Petabyte-scale sonar file catalog with deduplication across distributed NFS systems
Project description
Sonar Catalog
Petabyte-scale sonar file catalog with content-based deduplication across distributed NFS systems. Automatically discovers hosts, resolves NFS mount topologies, crawls filesystems, extracts navigation tracks, and serves everything through a searchable web UI with a CesiumJS 3D globe.
sonar-catalog init
sonar-catalog crawl /mnt/sonar-nas-01
sonar-catalog web
Architecture
graph TB
subgraph CLI["CLI (cli.py)"]
init[init]
discover[discover]
crawl[crawl / crawl-all]
search[search / dupes / where]
extractnav[extract-nav]
demo[demo]
export[export]
web[web]
end
subgraph Core["Core Engine"]
DE[Discovery Engine]
MR[Mount Resolver]
FC[File Crawler]
FH[File Hasher]
CS[Catalog Search]
end
subgraph Plugins["Plugin System"]
PM[Plugin Manager]
HS[Hook Specs]
BI[Built-in Plugin]
TP[Third-Party Plugins]
end
subgraph Storage["Storage Layer"]
DB[(SQLite / PostgreSQL)]
FTS[FTS5 Full-Text Index]
end
subgraph Extractors["Nav Extractors"]
JSF[JSF Parser]
XTF[XTF Parser]
NMEA[NMEA Parser]
SC[Sidecar Reader]
end
subgraph WebUI["Web Interface"]
Flask[Flask App]
API[REST API]
Globe[CesiumJS Globe]
Search2[Search UI]
end
discover --> DE
crawl --> FC
FC --> FH
FC --> MR
search --> CS
extractnav --> Extractors
web --> Flask
DE --> DB
FC --> DB
CS --> DB
API --> DB
FTS -.-> DB
PM --> HS
BI --> PM
TP --> PM
FC -.-> PM
Extractors -.-> PM
Flask --> API
Flask --> Globe
Flask --> Search2
Data Flow
How a file goes from disk to searchable catalog entry:
sequenceDiagram
participant User
participant CLI
participant Discovery as Discovery Engine
participant Resolver as Mount Resolver
participant Crawler as File Crawler
participant Hasher as File Hasher
participant Extractor as Nav Extractor
participant DB as Database
User->>CLI: sonar-catalog crawl /mnt/nas01
CLI->>Resolver: Load NFS mounts (proc, autofs, fstab)
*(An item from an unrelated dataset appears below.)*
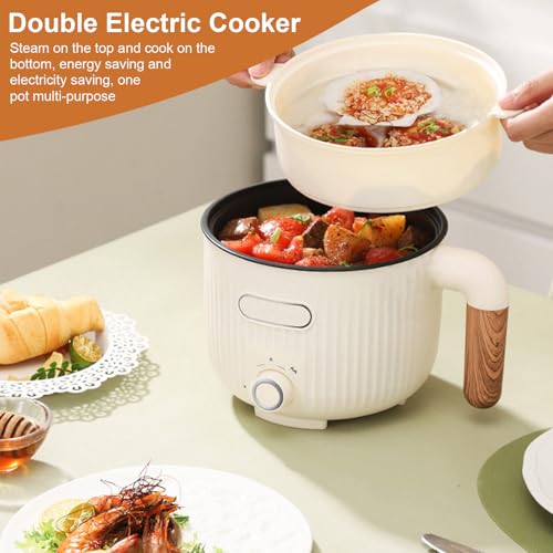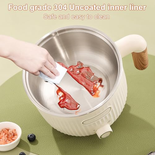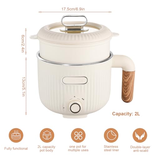 Hot Pot électrique 2 litres, mini multicuiseur portable antiadhésif avec panier vapeur, acier inoxydable, marmite électrique, cocotte à frire, ramen rapides, marmite à soupe, double contrôle de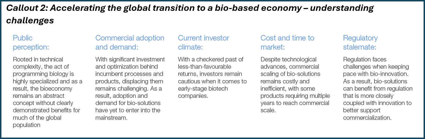 This article provides an overview of national strategies, as well as the key barriers preventing the bioeconomy from entering the commercial mainstream and becoming widespread across regions and societies. It also examines the potential of policy to amplify bio-innovations and unlock national strategies, and outlines key steps for enhancing commercial implementation, ultimately setting the stage for stakeholders to align on collective actions and accelerate the global transition to a bio-based economy.

Resolver-->>CLI: Mount table ready
CLI->>Crawler: crawl_local("/mnt/nas01")
loop Each file in directory tree
Crawler->>Crawler: Walk filesystem, apply filters
Crawler->>Hasher: Partial hash (first 4MB)
Hasher-->>Crawler: Fingerprint
alt New fingerprint
Crawler->>Hasher: Full content hash (BLAKE3)
Hasher-->>Crawler: content_hash
else Known fingerprint
Crawler->>Crawler: Skip (already cataloged)
end
Crawler->>Resolver: Resolve /mnt/nas01/data/file.xtf
Resolver-->>Crawler: nas01:/export/survey/data/file.xtf
Crawler->>Extractor: Extract nav from .xtf
Extractor-->>Crawler: Track [[lat,lon], ...]
end
Crawler->>DB: Batch insert (files + locations + nav)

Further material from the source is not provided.